Die Kosaken-Siedlung Gladkowskaja im Krymsker Kreis, Gebiet Krasnojarsk wurde 1899 als
Chutor Nowo-Blagoweschtschenskij gegründet und von den Bewohnern des Einzelgehöftes Blagoweschtschenskij (heute Siedlung Blagoweschtschenskaja) zur Nutzung des Grund und Bodens besiedelt. Wer den Wunsch äußerte, den neuen Boden im Wald urbar zu machen, der wurde vom Dienst befreit. Die Leute ließen sich in Schuppen nieder, rodeten ringsherum das Land, errichteten Bauernhöfe, bearbeiteten das Erdreich unter dem Acker, Melonenfelder, Gärten, Weinberge. Bis heute steht dort noch das erste Kosaken-Haus von Alexej Iwano-witsch Gladkij, der sich hier unter den ersten Siedlern der Familie Gladkij niedergelassen hatte. Auf dem riesigen Platz, der von Eichen gesäumt war, wurden eine Kirche und eine Schule gebaut, dort befanden sich Marktstände, wurden Jahrmärkte veranstaltet, Karussells herantransportiert und Pferde-Untersuchungen durchgeführt. Um den Platz herum gab es Verwaltungsgebäude und zwei Läden. Es existieren zwei Bezeichnungen für die Siedlung – die eine nach dem Familiennamen der Gladkijs, und die zweite kam so zustande: bis zur Besiedlung mit Menschen lebte ein Waldarbeiter Gladkij, ein Namensvetter, der dort eine Quelle einrichtete, die jahrzehntelang, als einzige, die gesamte Siedlung mit Wasser versorgte. Sie war in einer tiefen Schlucht gelegen. Heute gibt es in der Siedlung zahlreiche Hydranten, aber diejenigen, die nicht so weit entfernt wohnen, holen hier Wasser aus dieser herrlichen Quelle.

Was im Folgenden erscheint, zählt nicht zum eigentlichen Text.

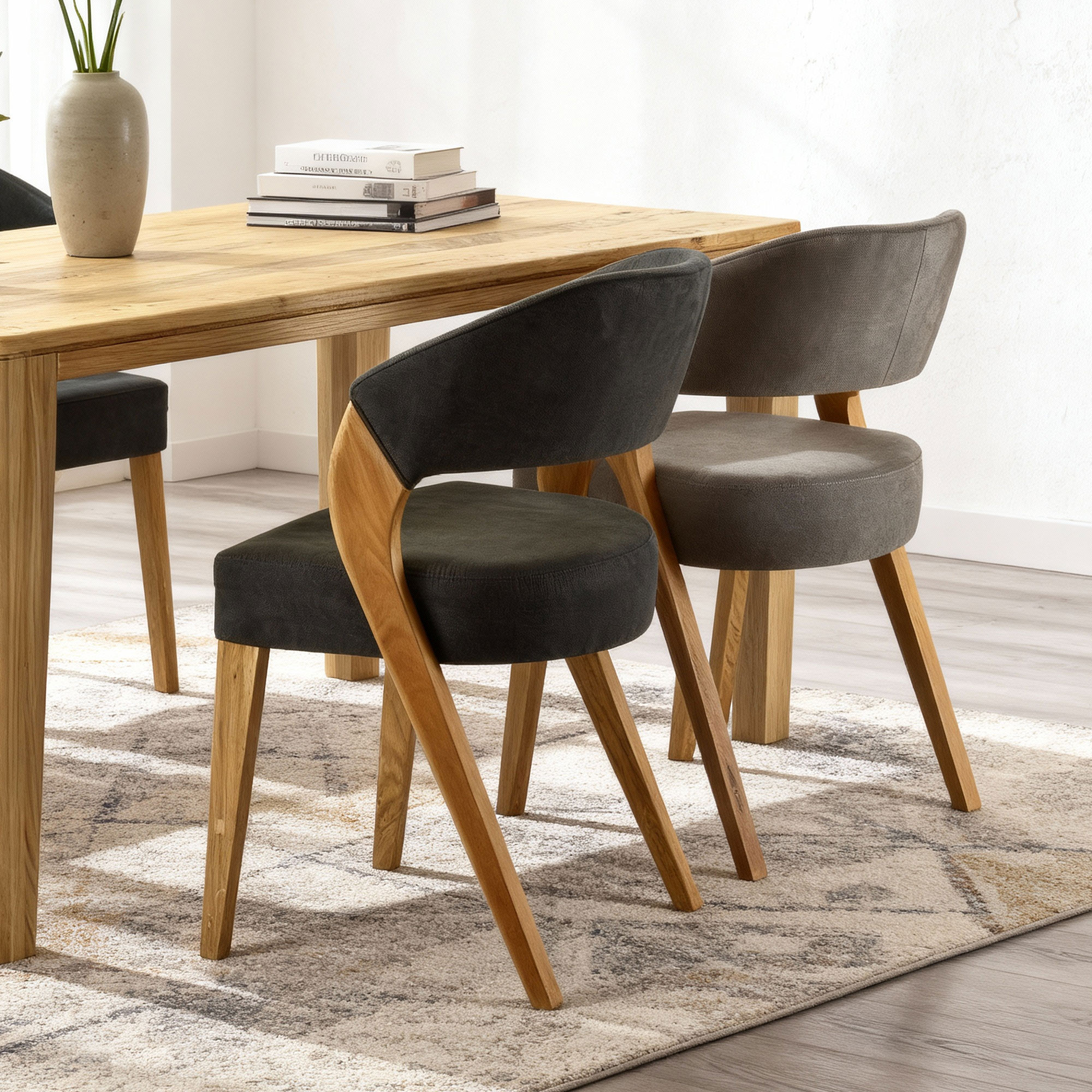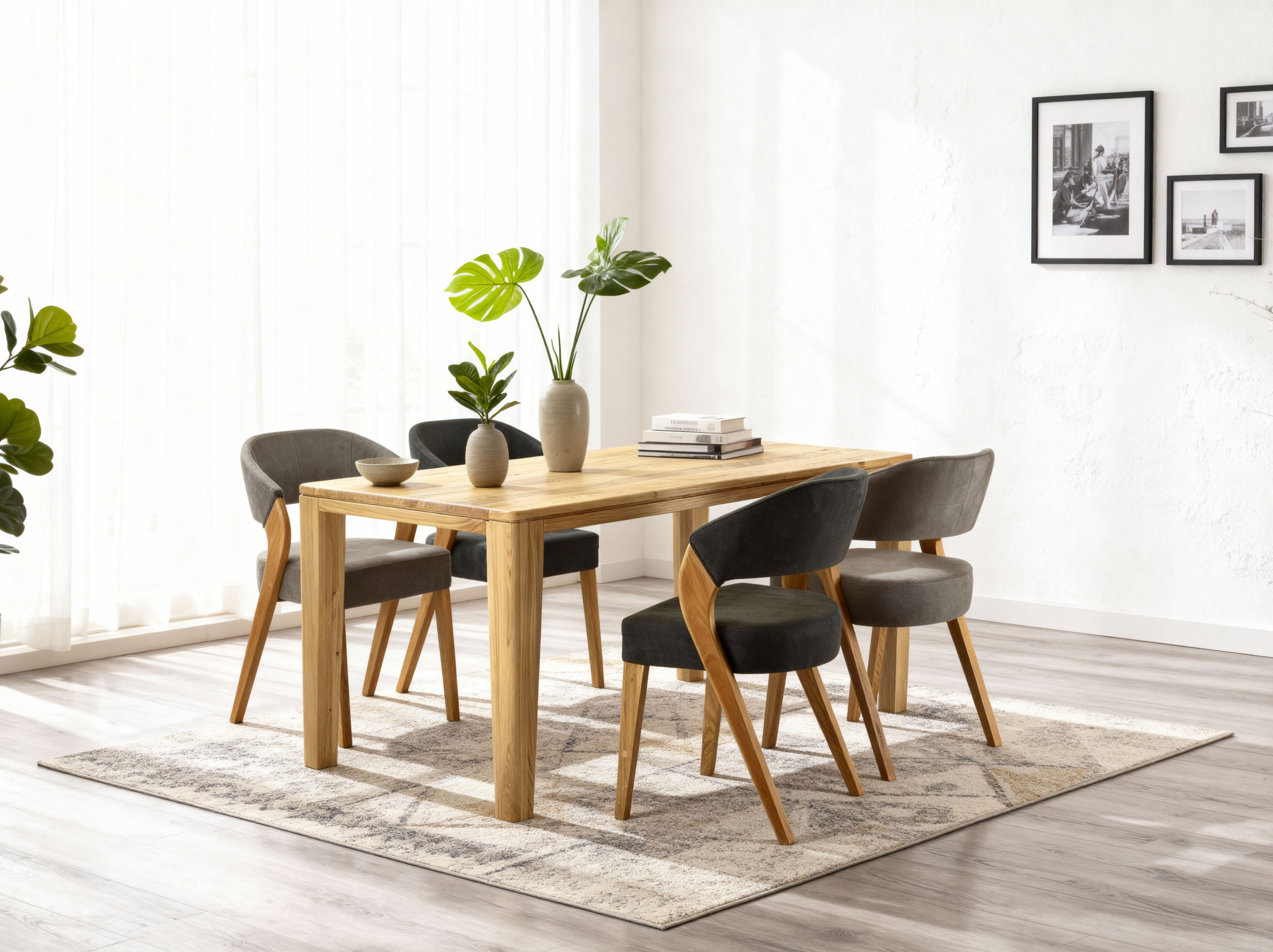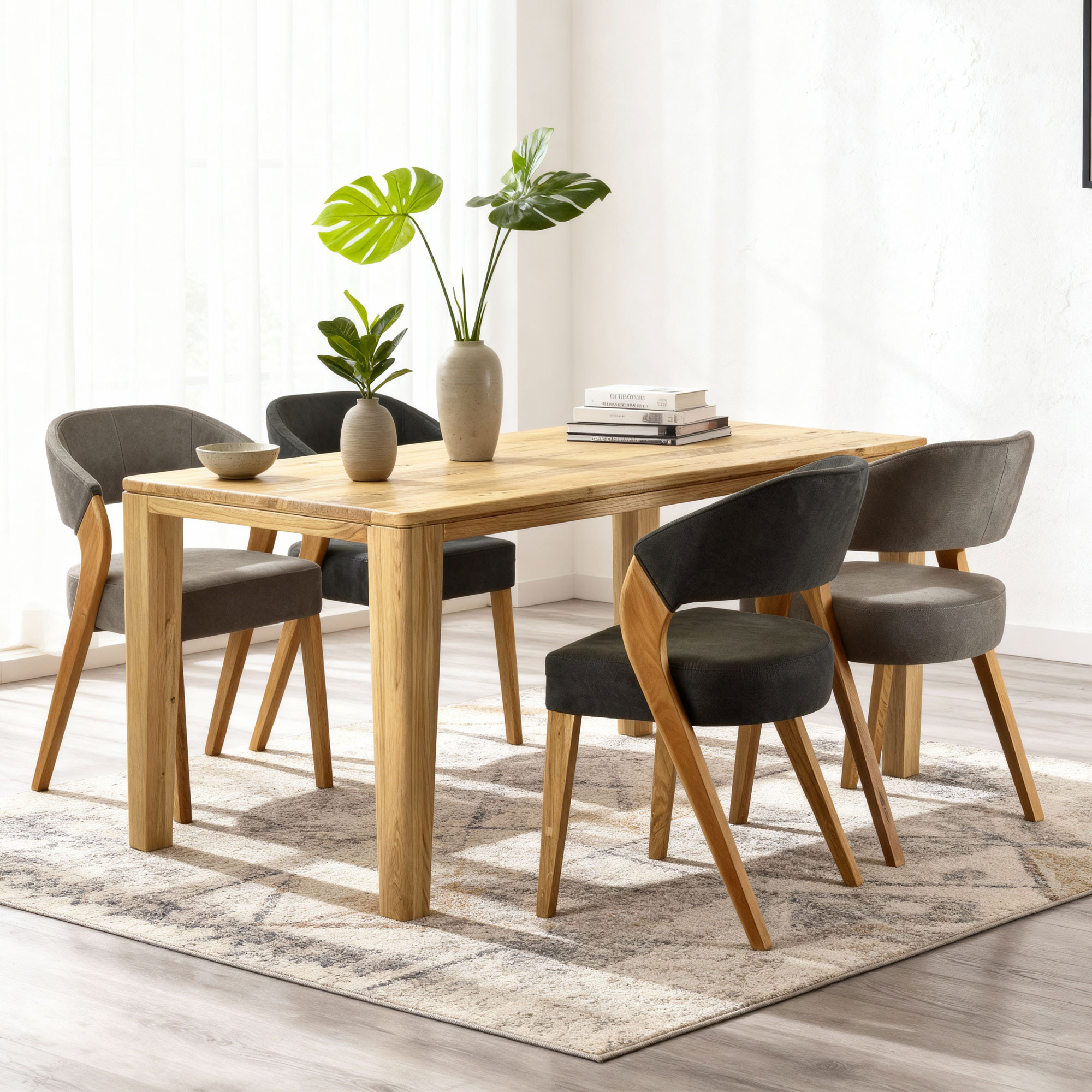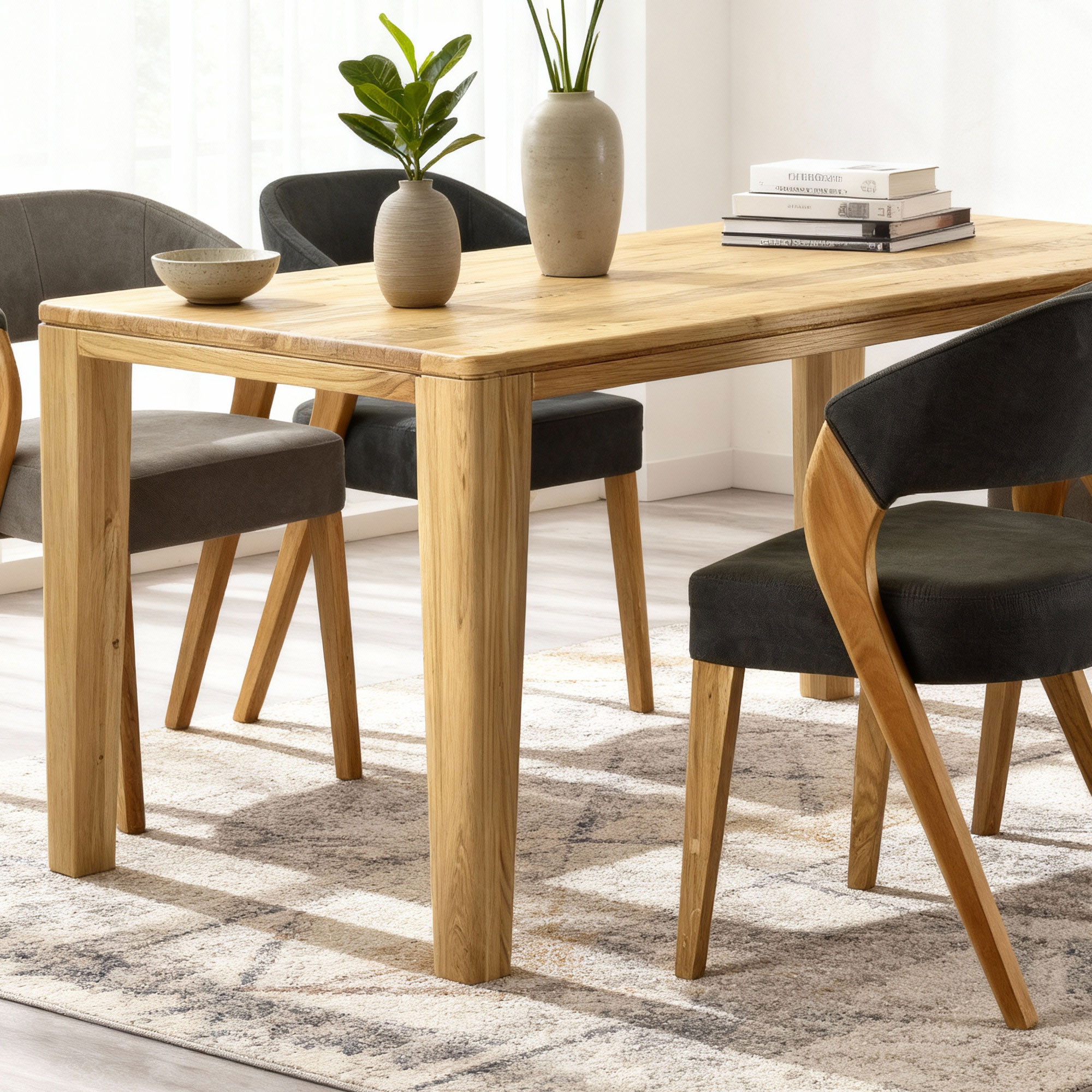 Design étkezőasztal, amely 100% tölgy tömörfából készült a praktikus használatra. Engedje meg magának ezt a designos, luxus étkezőasztal darabot. Nagy előnyt jelentenek a lekerekített élek és sarkok. Így elkerülheti a felesleges sérüléseket. Masszív, stabil lábak, mérete akár 10 x 10 cm garantálják az asztal magas stabilitását. A felső lap vastagsága akár 2 cm, ami tölgyfánál teljesen elegendő. Az asztal előnye, hogy a lábak az asztal végein helyezkednek el, így hatalmas helyet nyer a székei vagy foteleinek. Az asztal magassága 76 cm, az alsó él magassága akár 69 cm.

Nicht später als 1912 wurde das Vorwerk Nowo-Blagoweschtschenskij zur Siedlung Gladkowskaja. Aller Wahrscheinlichkeit nach war Fedot Wassiljewitsch Lusan erster Ataman; nach den Erinnerungen der Siedler diente er in diesem Amt eine sehr lange Zeit.
Vor der Revolution standen in der Siedlung 200 Höfe.
Der zweite Ataman war Iwan Alexejewitsch Gladkij – der Sohn von Alexej Iwanowitsch. In den Jahren der Revolution, so erinnern sich die Siedler, „spannte er ein paar gute Pferde an, setzte seine Frau und seine vier Kinder aufs Fuhrwerk und fuhr mit ihnen in die Stadt Nowo-rossijsk. Sein Gehöft und alles, was sich darin befand, ließ er zurück". Das rettete ihn, seine Frau und die Kinder vor allem Unglück, das mit der Sowjetmacht hereinbrach.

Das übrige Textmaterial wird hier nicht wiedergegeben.